The Renaissance was moving across Europe. In England, King Henry, the Eighth, dissolved his connection with the Roman Catholic Church because of their stand on divorce. It wasn’t convenient for his particular life style to be held captive to these rules. In Germany, Martin Luther was a monk in the church – dedicated to prayer and repentance. Nothing seemed to calm his spirit. He didn’t feel worthy enough to approach God, much less to confess his sins. He prayed constantly and attended confession every day with a list of sins that would go on for hours.
I’m a Lutheran. I’m not particularly proud of some of the things Luther said during his time on earth. He was often stoic and retained some of his feelings of never being good enough. Even his wife wondered why Luther was going around with such a long face. She asked him if God had died and that was the reason.
I’m a Lutheran who grew up feeling unforgiven. Like Luther, I never felt I was good enough. My sins seemed to great to be taken from me. No matter how hard I prayed, I felt my prayers were in vain, because of the image of God was shrouded in anger.
I’m a Lutheran still.
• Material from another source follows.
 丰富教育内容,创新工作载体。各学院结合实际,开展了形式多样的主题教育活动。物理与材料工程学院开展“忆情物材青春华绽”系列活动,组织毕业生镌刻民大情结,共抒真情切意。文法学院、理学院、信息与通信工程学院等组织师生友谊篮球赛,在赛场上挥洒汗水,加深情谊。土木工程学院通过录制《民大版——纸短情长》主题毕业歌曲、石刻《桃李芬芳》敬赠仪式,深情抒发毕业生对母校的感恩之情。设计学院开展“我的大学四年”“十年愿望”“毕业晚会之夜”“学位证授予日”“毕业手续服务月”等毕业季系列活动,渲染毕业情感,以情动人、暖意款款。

I now believe that my sins have already been forgiven, not by anything I have done, but by the grace of God. That fact brings me great joy. I am finally at peace that heaven waits for me when I die. Instead of an angry judge, I now view God as a loving Father.
Luther was just a piece of the machinery that set about change in what had become corruption in the church. In a way, he was a renaissance peaceful protester with a point to make. He made religion available to the common man through the printing press. He accomplished many things, but he was simply a man devoted to the truth of God’s Word.
I will die a Lutheran, but really it doesn’t matter. I’m just a follower of Christ – redeemed by Him alone. His Word, the Bible, reminds me that through Him I am free from my sins. I will at last join all the saints that have gone before me.
HAPPY ALL SAINTS DAY AND REFORMATION DAY TOO!